Finally, we perform ablation studies on the various design choices of our framework and discuss their significance in the Sects. 7 and 8.

Table 1 Comparing against NeLF (Sun et al., 2021) (requires at least 5 input views), IBRNet (Wang et al., 2021) and SIPR (Sun et al., 2019) in view synthesis and relighting

6.1 View Synthesis and Relighting

In this section we present the results for view synthesis and relighting to demonstrate that our method can synthesize novel lighting conditions of the subject at novel viewpoints.

Fig. 6
figure 6

A sample result on the lightstage test set, with ground truth. Our technique produces novel view synthesis and relighting that clearly outperform NeLF (Sun et al., 2021) and IBRNet (Wang et al., 2021) + SIPR (Sun et al., 2019)

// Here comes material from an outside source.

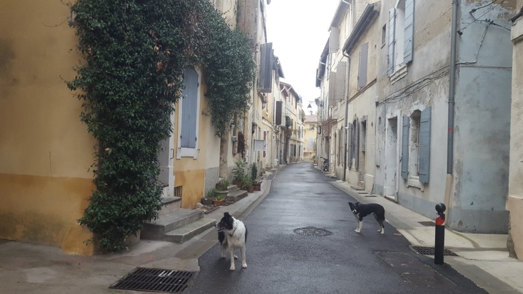 With Barry incapacitated, the dogs and I had much time to explore on our own, walking down the narrow stone flagged streets, Rue de Refuge turning into the old town. Rue des Arnes. Coming across the facade of Church of St Trophime. I gather that the sculptures over the church’s portal, particularly the Last Judgement are considered some of the finest examples of Romanesque sculpture – Rupert surely knows this place.All men of course, men and saints, mostly being eaten or awaiting heaven.

Figure 5 shows novel view synthesis and relighting produced by our technique. Here, we present results with single input view (top) and two input views (bottom). We observe that our method produces photorealistic renderings that are view-consistent. Our method maintains the integrity of the input identity and recovers the full head, including hair. It also maintains the integrity of the facial geometry while relighting at extreme views (third and fourth row, last column in Fig. 5).

Fig. 7
figure 7

Comparison of our method and NeLF (Sun et al., 2021) on the H3DS (Ramon et al., 2021) dataset for simultaneous novel view synthesis and relighting. Our technique outperforms NeLF in terms of relighting quality, especially at views that are far from the training set

Our Reflectance Network has the ability to synthesize subjects corresponding to arbitrary light directions and enable us to relight them using any HDR environment maps following Eq. 5. To achieve this, our technique predicts the 150 OLAT images as the light basis of the lightstage. In Sect. 2 we show that through our rendered OLATs we are able to reproduce view-dependent effects, specular highlights and shadows.

6.2 Comparison to Related Methods

We quantitatively and qualitatively compare against the state-of-the-art view synthesis and relighting methods. All the quantitative evaluations are on the lightstage test set as detailed in  Sect. 5.1. We summarize our quantitative evaluations in Table 1 in terms of average PSNR and SSIM over all the test images.

First, we compare our method for the view-synthesis task with a different number of input views. Next, with the same test setup we evaluate for the task of simultaneous view synthesis and relighting. For both tasks, we observe that our method convincingly outperforms NeLF, IBRNet, and IBRNet \(+\) SIPR.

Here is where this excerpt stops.